DATASET below:

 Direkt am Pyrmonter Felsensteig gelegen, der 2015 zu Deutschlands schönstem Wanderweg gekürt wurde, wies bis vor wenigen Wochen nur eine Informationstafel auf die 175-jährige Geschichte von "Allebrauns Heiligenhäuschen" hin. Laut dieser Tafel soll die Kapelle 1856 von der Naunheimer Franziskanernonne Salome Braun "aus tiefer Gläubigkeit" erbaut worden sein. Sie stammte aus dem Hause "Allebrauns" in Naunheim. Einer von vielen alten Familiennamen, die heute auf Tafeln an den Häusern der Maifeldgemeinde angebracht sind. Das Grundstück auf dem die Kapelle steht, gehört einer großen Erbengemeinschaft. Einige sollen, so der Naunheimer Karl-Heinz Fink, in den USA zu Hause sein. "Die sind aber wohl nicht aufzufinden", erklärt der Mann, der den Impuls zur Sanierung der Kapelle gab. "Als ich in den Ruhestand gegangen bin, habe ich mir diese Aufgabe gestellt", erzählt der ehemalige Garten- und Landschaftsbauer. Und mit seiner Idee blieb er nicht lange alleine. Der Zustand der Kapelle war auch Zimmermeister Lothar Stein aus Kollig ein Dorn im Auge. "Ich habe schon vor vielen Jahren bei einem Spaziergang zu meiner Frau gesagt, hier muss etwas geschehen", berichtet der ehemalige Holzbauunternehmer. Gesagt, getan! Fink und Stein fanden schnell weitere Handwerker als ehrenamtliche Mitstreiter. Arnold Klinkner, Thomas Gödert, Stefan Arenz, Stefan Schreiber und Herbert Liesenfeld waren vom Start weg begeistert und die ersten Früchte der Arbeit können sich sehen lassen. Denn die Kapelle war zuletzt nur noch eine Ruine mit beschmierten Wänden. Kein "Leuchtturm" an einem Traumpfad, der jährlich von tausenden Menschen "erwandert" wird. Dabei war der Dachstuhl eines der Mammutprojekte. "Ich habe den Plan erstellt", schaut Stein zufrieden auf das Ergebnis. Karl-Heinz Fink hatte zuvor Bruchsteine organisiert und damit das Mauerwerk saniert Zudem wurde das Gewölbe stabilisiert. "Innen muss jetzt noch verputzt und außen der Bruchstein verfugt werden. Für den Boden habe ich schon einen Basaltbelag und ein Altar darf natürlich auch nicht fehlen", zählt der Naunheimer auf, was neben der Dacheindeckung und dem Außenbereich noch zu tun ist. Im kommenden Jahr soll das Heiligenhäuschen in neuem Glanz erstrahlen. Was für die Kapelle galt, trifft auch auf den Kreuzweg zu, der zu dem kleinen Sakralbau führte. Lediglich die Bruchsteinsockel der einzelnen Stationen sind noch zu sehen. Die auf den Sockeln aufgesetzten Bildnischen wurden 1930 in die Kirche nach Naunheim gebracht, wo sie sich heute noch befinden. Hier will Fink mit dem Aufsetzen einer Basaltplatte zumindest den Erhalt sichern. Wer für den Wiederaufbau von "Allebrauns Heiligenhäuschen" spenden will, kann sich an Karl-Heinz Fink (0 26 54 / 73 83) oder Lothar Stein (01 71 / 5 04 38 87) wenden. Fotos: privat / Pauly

End of DATASET.
DATASET below:

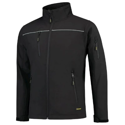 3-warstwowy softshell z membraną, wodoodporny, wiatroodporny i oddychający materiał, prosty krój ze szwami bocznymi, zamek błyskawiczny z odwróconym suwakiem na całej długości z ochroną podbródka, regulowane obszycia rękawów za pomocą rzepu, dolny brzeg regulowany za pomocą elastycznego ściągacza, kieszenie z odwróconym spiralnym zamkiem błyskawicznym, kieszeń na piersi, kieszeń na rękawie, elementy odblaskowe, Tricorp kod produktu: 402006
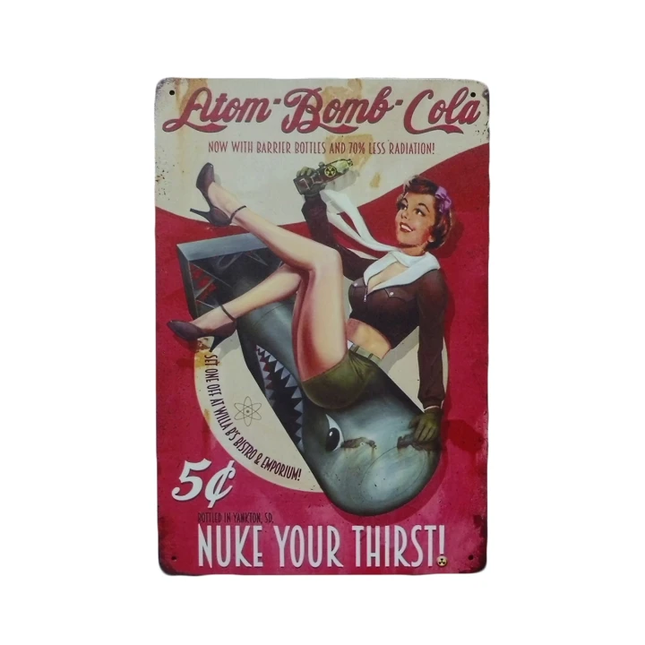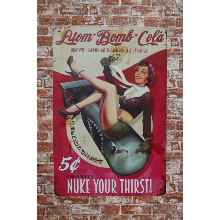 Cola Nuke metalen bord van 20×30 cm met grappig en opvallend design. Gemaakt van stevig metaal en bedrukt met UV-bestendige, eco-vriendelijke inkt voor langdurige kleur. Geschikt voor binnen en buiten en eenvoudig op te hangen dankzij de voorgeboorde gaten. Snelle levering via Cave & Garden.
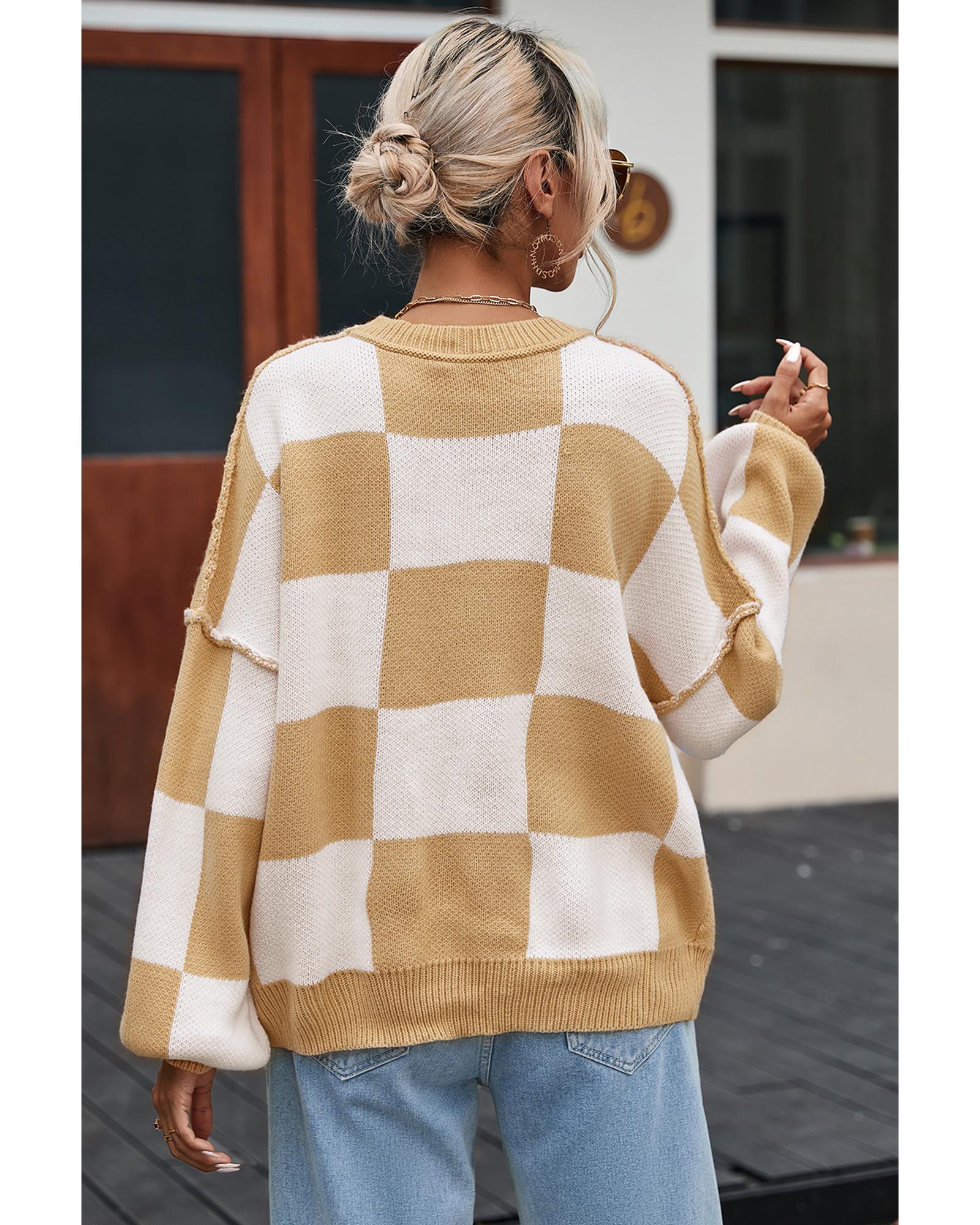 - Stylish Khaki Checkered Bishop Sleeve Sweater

End of DATASET.
DATASET below:

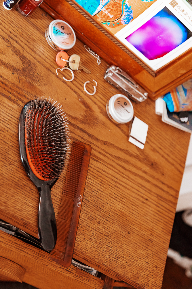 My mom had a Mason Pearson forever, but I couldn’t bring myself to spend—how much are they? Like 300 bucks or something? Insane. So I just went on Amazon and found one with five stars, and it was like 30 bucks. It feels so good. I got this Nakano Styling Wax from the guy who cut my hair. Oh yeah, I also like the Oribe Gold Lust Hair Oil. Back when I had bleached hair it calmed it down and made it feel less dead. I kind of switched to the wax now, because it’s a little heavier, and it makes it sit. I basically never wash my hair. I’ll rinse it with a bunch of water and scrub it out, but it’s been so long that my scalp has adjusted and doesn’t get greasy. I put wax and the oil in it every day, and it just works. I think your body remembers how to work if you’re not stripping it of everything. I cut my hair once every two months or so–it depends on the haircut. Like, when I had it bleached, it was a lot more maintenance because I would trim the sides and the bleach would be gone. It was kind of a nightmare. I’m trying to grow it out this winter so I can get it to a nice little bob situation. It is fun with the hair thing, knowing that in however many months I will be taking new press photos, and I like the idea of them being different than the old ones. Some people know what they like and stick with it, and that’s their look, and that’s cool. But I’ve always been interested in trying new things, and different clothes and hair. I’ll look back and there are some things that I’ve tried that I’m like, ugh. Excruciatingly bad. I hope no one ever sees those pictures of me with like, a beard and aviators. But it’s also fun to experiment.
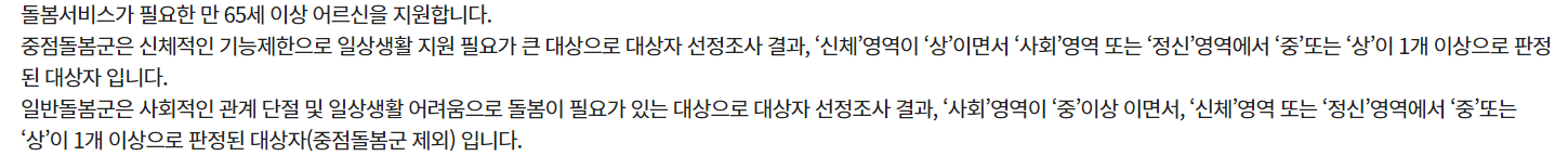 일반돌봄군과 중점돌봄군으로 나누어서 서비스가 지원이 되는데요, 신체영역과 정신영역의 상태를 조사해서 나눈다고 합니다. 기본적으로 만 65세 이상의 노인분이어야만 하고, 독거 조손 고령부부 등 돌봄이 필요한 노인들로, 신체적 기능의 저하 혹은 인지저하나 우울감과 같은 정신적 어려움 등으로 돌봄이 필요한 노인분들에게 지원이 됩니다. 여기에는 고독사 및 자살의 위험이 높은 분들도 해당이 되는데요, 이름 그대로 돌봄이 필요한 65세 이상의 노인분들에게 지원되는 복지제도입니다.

End of DATASET.

Reproduce the lines above beginning at the line that contains "3-warstwowy softshell z" and ending at the line that contains "- Stylish Khaki". No pictures.

[SOLUTION]
 3-warstwowy softshell z membraną, wodoodporny, wiatroodporny i oddychający materiał, prosty krój ze szwami bocznymi, zamek błyskawiczny z odwróconym suwakiem na całej długości z ochroną podbródka, regulowane obszycia rękawów za pomocą rzepu, dolny brzeg regulowany za pomocą elastycznego ściągacza, kieszenie z odwróconym spiralnym zamkiem błyskawicznym, kieszeń na piersi, kieszeń na rękawie, elementy odblaskowe, Tricorp kod produktu: 402006
 Cola Nuke metalen bord van 20×30 cm met grappig en opvallend design. Gemaakt van stevig metaal en bedrukt met UV-bestendige, eco-vriendelijke inkt voor langdurige kleur. Geschikt voor binnen en buiten en eenvoudig op te hangen dankzij de voorgeboorde gaten. Snelle levering via Cave & Garden.
 - Stylish Khaki Checkered Bishop Sleeve Sweater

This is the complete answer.